Date posted: 06 Feb 2021, 1 minutes to read

GitHub Actions & Security: Best practices

I’ve been diving into the security aspects of using GitHub Actions and wanted to share some best practices in one place.

Image of locks on a fence

Photo by Jon Moore on Unsplash

Forking action repositories

In the post on Forking action repositories I show these best practices:

  • Verify the code the Action is executing
  • Pinning versions
  • Forking repositories
  • Keeping your forks up to date

Secure your private runners

In the post on Private runners I explain these best practices:

  • Limit the access of your private runner
  • Do not use a runner for more than one repository
  • Never use a private runner for you public repositories

Do not reuse a runner, ever!

Untrusted input

An overview from GitHub on untrusted input, from the issue title to the commit message, if you act upon them (even just echoing them to the output!), they can be misused and therefor are an attack vector.

Preventing pwn requests

It used to be the case that you would trigger your workflow by using the pull_request in the trigger definition. That scope had to much rights, so GitHub has dialed that down.
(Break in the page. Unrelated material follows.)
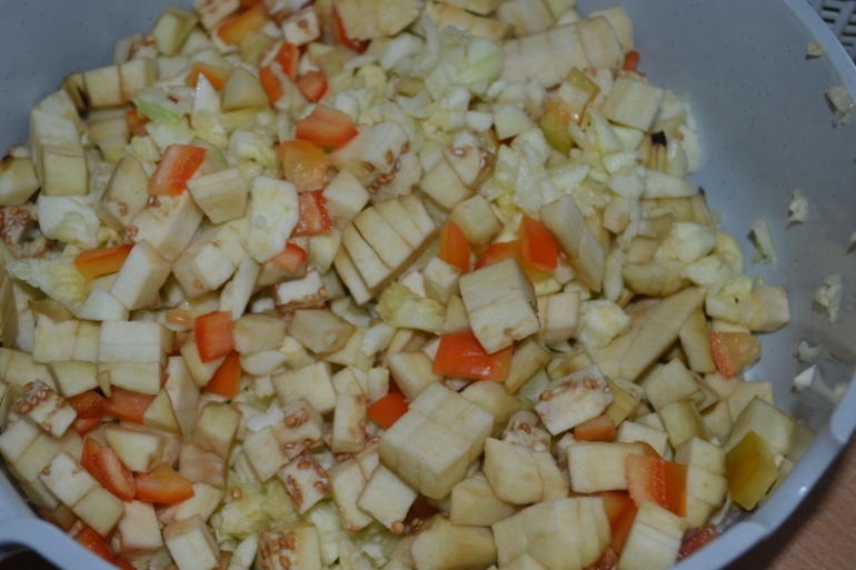 Делаем как на фото! Вычищаем внутри кабачок и мелко режем,так же режем баклажан и перец. Лук обжариваем до золотистой корочки и выкладываем нарезанные овощи ,все это тушим на большом огне пока не испарится жидкость.
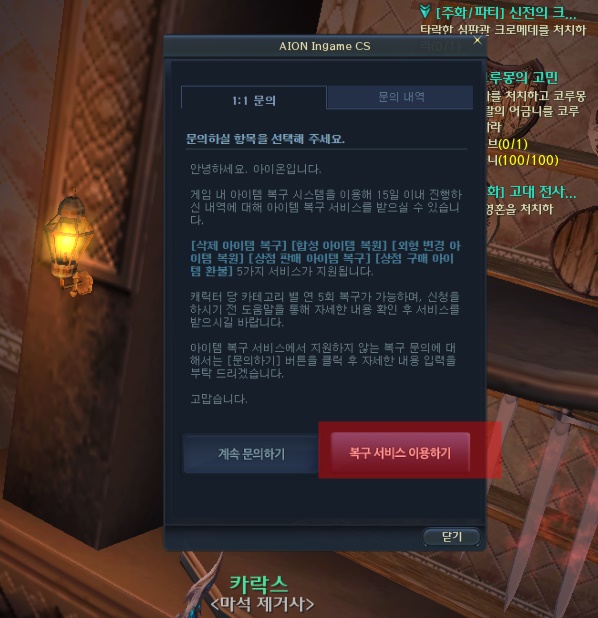 | 아이온 클래식 주화 장비[아이템] 복구 방법 (0) | 2021.03.03 |

The scope with more rights (to your access token with some write permissions for example) has now been created to be pull_request_target. You need to be really careful with using that scope. Best practice here is to use a label for the pull request so you can manually check the PR and authorize its actual execution.

You need to be very careful with incoming Pull Requests from any fork: potentially they are changing scripts/commands in your workflow or even the workflow itself. There have been examples where a PR was send in that updated the workflow and made good use of the 10 concurrent jobs available for open source projects to generate some bitcoin for the attacker. This is why we can’t have nice things 😲!